**DATA FOR THIS TASK**
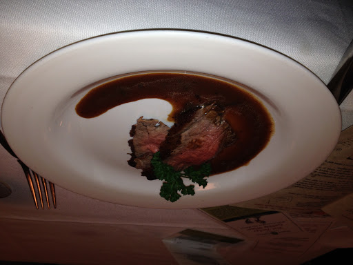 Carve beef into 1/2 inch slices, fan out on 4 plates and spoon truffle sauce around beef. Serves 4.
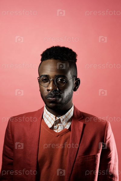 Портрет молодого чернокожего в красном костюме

==

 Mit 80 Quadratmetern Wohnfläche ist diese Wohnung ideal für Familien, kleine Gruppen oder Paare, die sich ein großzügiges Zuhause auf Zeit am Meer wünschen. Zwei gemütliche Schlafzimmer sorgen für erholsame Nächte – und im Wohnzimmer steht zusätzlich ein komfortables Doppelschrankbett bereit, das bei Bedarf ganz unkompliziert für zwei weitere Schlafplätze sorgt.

* * *

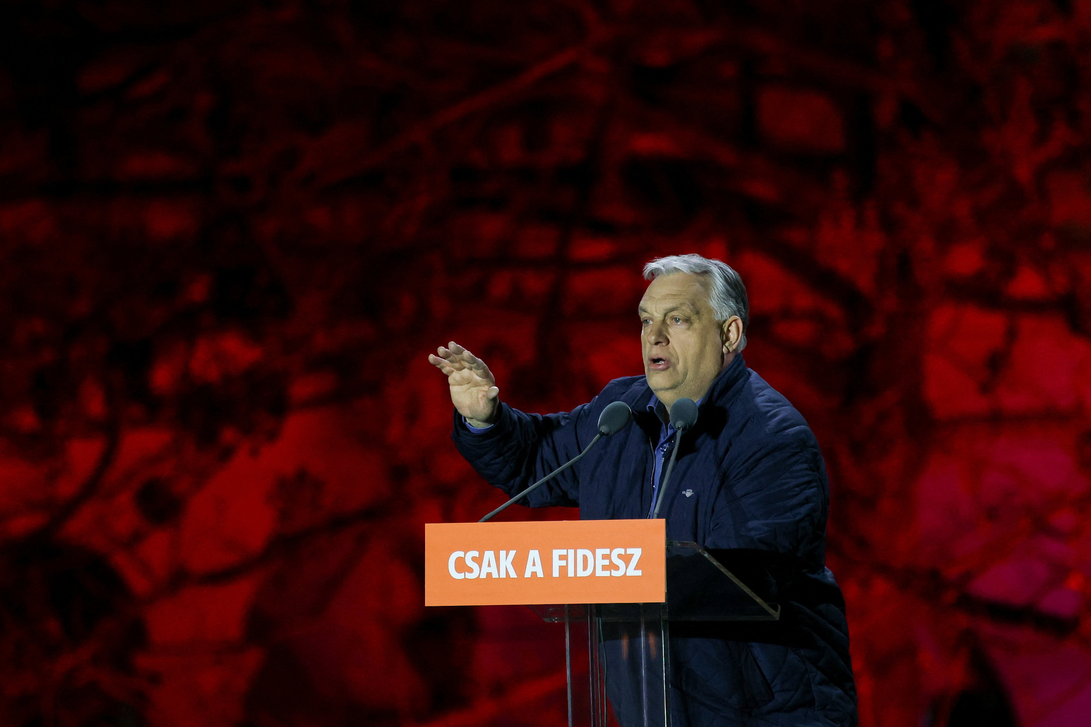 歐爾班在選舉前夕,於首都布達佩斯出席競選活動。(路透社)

**WORK REQUEST**
Copy word for word the lines above, starting at the line containing "Carve beef into" and ending at the line containing "Портрет молодого чернокожего", inclusive, with no pictures.

**THE ANSWER**
 Carve beef into 1/2 inch slices, fan out on 4 plates and spoon truffle sauce around beef. Serves 4.
 Портрет молодого чернокожего в красном костюме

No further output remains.